“Sick of his lies, cheating ways, and complete lack of interest in fatherhood, Laura left her boyfriend, Adam, only months after she gave birth to their son–and never looked back. Adam moved to France to follow his dream, unencumbered by a serious relationship and the child he never wanted.
Ten years later, Susan, Laura’s mother, lies in a nursing home, battling a debilitating disease. Susan forces Laura to recognize what she’s always refused to acknowledge: that William needs his father in his life.
So, Laura and ten-year-old William set off to spend the summer at Chateau de Roussignol, deep in the rich, sunlit hills of the Dordogne, where Adam runs a beautiful hotel. There, Laura has a mission: to make Adam fall in love with his own son.”
The one thing that definitely deserves to be mentioned first is how there are so many hard topics tackled in this novel. From illness to alcoholism to being a single parent to the pressure kids can have on a relationship – it’s all there!
And all those topics made this book that more amazing to read because they are incorporated in a real, genuine way that made my skin crawl at times. You can feel the hardships all characters are dealing with – purposely not mentioning names because spoilers, doh!
I’m not even going to go further into the content of this story because I don’t want to spoil a thing for you guys – except for this:
One thing I had to laugh about but, more like a stupid laugh, was William – Laura’s son – who’s absolutely addicted to his mom’s iPad. I feel like this is something a lot of parents struggle with. Trying to keep the kids away from constantly staring at a screen one way or another and that was shown pretty brilliantly in You, Me, Everything.
We are two fragments of a broken couple, super-glued together by the most beautiful mistake we ever made.

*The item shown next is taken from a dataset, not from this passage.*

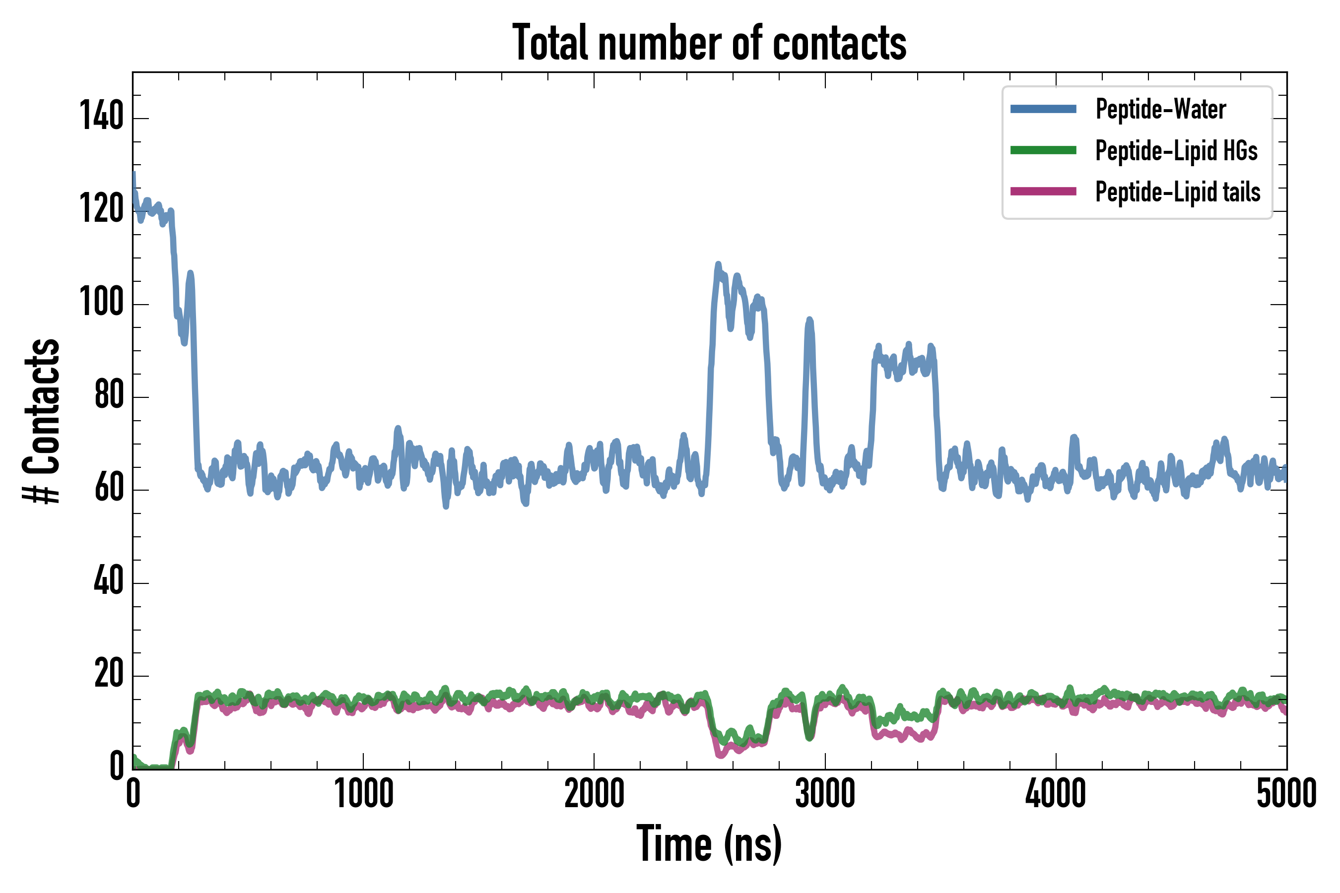 Number of contacts between each residue of the peptide backbone and the different lipid types, averaged over the last microsecond and using a cut-off of 0.6 nm.

I also really loved the short chapters – or at least they felt really short to me. I even jotted down that I was at chapter 37 when I was 33% in and that felt, to me, like I didn’t even read that much but seeing the chapter number was… enlightening?
And maybe I should mention how I totally did not know this novel is quite lengthy but I didn’t even notice that at all while reading. I only found out about that afterwards!
One thing that kind of annoyed me a bit, was Laura’s naivety. She’s a single parent, she brought William up all on her own – well, together with her parents – and yet she can still be so naive when it comes to certain things.. It did my head in at times. That’s totally me and someone else reading You, Me, Everything might not be bothered by it at all though!
When life is tough, as it will be for all of us, you have a duty to yourself. To live without regrets.
Although I didn’t really lose myself to the story – sorry, Laura! – it was a beautiful story with a strong message and it’s one I’ll remember for sure.
Munches! Well. Pretty much the entire book is set in France and there was some mention of “pains aux chocolat” so… I couldn’t resist? It was the best excuse to go out early and get some!
What’s your absolute favorite breakfast ever? Use all the descriptions you can think of and make us drool!